The 1993 Oslo Accords established a Joint Water Committee (JWC) through which Israelis and Palestinians coordinate management of water resources in the West Bank. Yet the Accords allow Israel to control Palestinian water infrastructure development by sanctioning and freezing Palestinian water projects while also intimidating Palestinians so as to legitimize water projects in settlements, which are illegal under international law.
Israel is currently using 85 percent of the shared water resources of the West Bank, leaving Palestinians high and dry. Not only does Israel exert hegemony over access to West Bank resources, the Palestinian Water Authority is completely dependent on Israel as the main supplier of water, purchasing its stock from Israel since the Oslo Accords.
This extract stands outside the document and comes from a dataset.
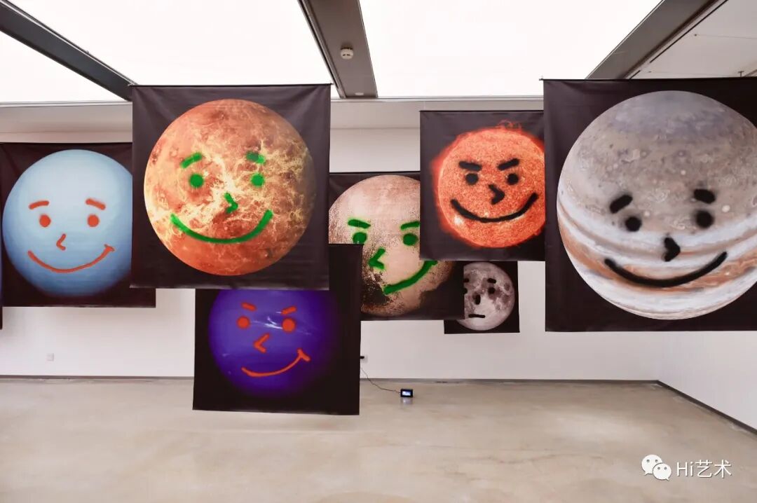 这件作品来自艺术家所构思的故事——他受《狮子王》中“过去的君王都在天上看着我们”深受启发,而决定要去太空把星球喷成笑脸。

And contrary to Israeli claims, the Palestinians are not receiving gratis water additional to that which was allocated by Oslo, leaving the PA with no choice but to buy more water from Mekorot to meet the increasing demand of its population.
Moreover, Israel has since the 1990s made huge investments in desalination and wastewater treatment, enabling it to become a water exporter to its water-scarce neighbors. Mekorot manages 100 mega-projects throughout Israel, including 40 desalination facilities that provide 60 million cubic meters of water per year. In addition, Israel’s wastewater reclamation and treatment facilities allow it to reuse 60 percent of its treated wastewater for agricultural purposes. Israel outsources this technical expertise to the developing world, and its collaborations with water companies and governments of Argentina, Cyprus, Uganda, Azerbaijan, and Portugal generate billions of dollars.
With its drive for technical solutions that ignore the politics of its appropriation of Palestinian water, Israel’s agreements with the PA have addressed water as a practical issue. The established transfers, quotas, and swaps fail to adhere to the principles of international water law, which call for equitable water allocations and the acknowledgment of Palestinian water rights. After a six-year freeze in the JWC’s work, cooperation resumed in January 2017. The freeze was due to a conditional arrangement in which Israeli settlement projects had to be approved for Palestinian projects to be considered. According to Jan Selby, between 1998 and 2010, Palestinians gave approval to more than 100 Israeli projects in the West Bank, but 97 donor-funded projects are still awaiting Israeli approval. The resumption of meetings and cooperation is far from benign. While the new arrangement will allow Palestinians to carry out the laying of pipes and networks without JWC approval, it does the same for Israel, meaning that Israel can develop its networks for settlements without joint approval from the JWC. Moreover, as Selby notes, “Though Palestinians will now have autonomy to lay pipelines, what they won’t have is any additional water to go in them -- except with Israeli consent.”